• _PROBLEM STATEMENT_: If a record below holds a picture, leave the picture out and copy the rest exactly.

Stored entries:
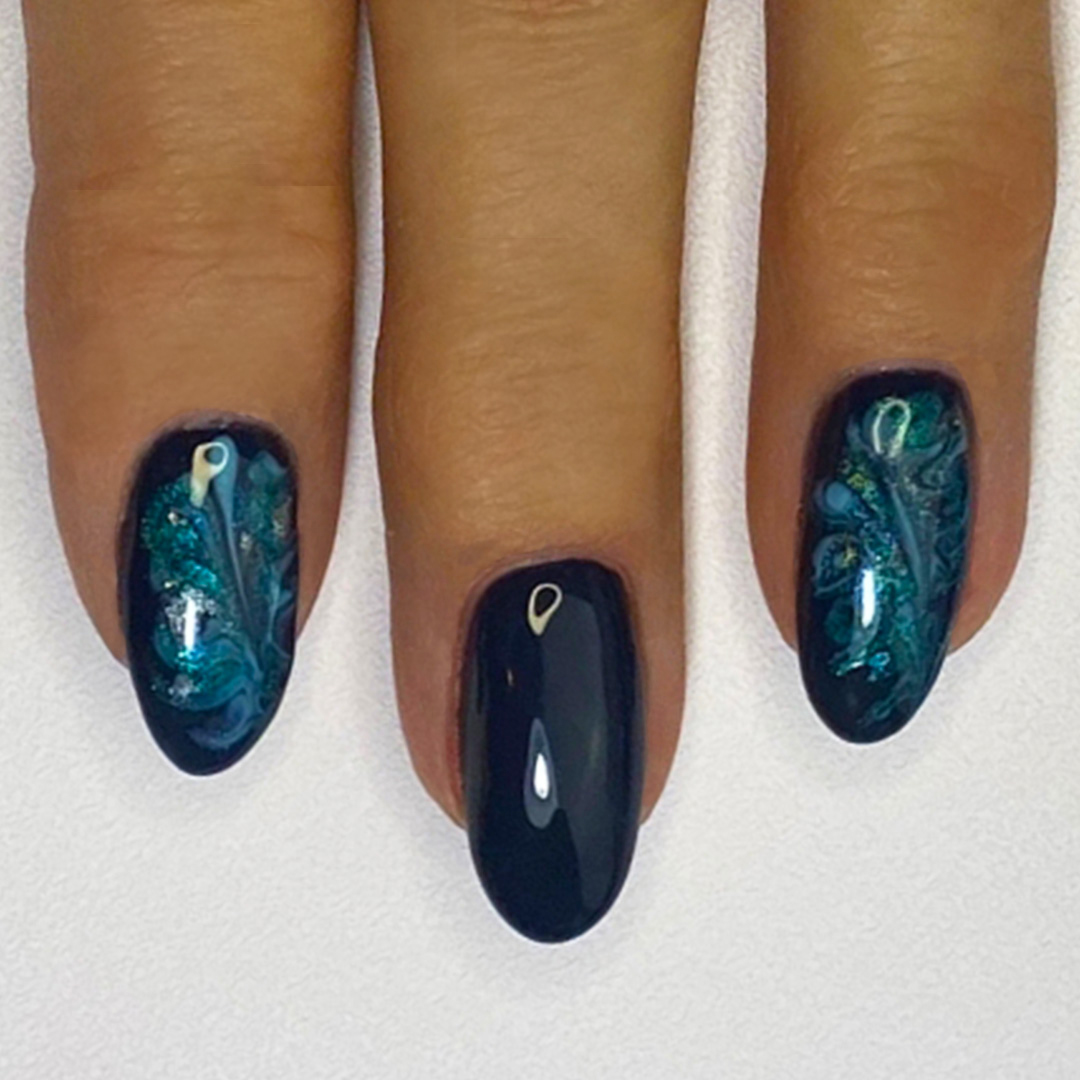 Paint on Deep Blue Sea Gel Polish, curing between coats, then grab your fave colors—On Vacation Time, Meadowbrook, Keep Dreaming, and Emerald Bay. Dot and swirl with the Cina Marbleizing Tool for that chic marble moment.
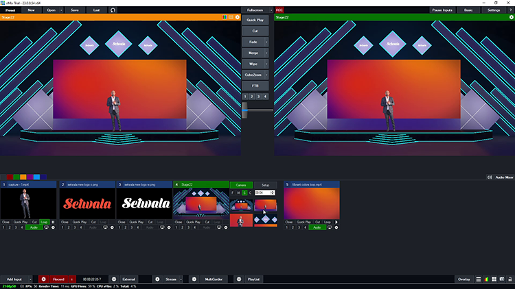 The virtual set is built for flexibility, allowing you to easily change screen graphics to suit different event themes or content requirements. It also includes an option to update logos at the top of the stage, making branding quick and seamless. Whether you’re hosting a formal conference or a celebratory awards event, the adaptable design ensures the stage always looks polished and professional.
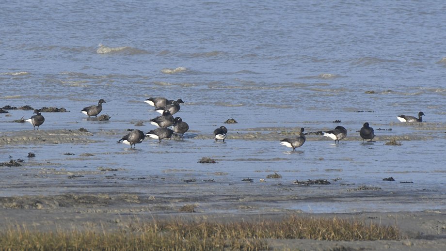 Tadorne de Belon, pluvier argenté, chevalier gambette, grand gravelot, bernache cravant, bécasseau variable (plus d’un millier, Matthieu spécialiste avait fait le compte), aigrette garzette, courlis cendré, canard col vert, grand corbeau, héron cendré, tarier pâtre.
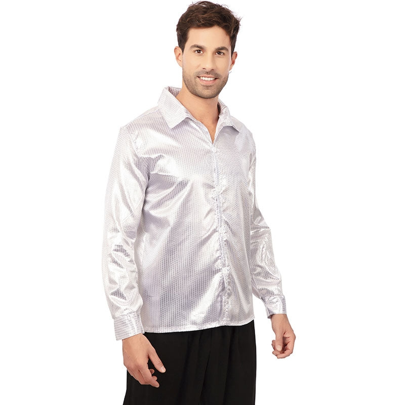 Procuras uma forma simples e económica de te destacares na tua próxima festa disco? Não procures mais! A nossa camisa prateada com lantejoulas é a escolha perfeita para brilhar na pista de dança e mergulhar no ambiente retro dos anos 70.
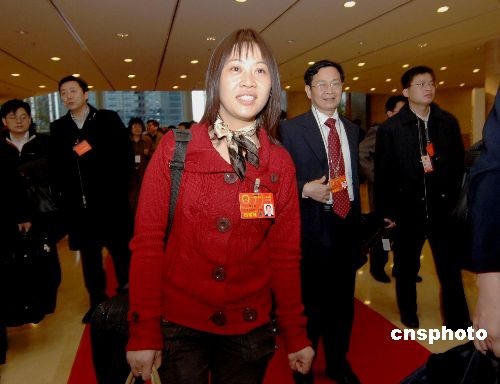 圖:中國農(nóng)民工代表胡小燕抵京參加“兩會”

• _EXERCISE SOLUTION_:
 Paint on Deep Blue Sea Gel Polish, curing between coats, then grab your fave colors—On Vacation Time, Meadowbrook, Keep Dreaming, and Emerald Bay. Dot and swirl with the Cina Marbleizing Tool for that chic marble moment.
 The virtual set is built for flexibility, allowing you to easily change screen graphics to suit different event themes or content requirements. It also includes an option to update logos at the top of the stage, making branding quick and seamless. Whether you’re hosting a formal conference or a celebratory awards event, the adaptable design ensures the stage always looks polished and professional.
 Tadorne de Belon, pluvier argenté, chevalier gambette, grand gravelot, bernache cravant, bécasseau variable (plus d’un millier, Matthieu spécialiste avait fait le compte), aigrette garzette, courlis cendré, canard col vert, grand corbeau, héron cendré, tarier pâtre.
 Procuras uma forma simples e económica de te destacares na tua próxima festa disco? Não procures mais! A nossa camisa prateada com lantejoulas é a escolha perfeita para brilhar na pista de dança e mergulhar no ambiente retro dos anos 70.
 圖:中國農(nóng)民工代表胡小燕抵京參加“兩會”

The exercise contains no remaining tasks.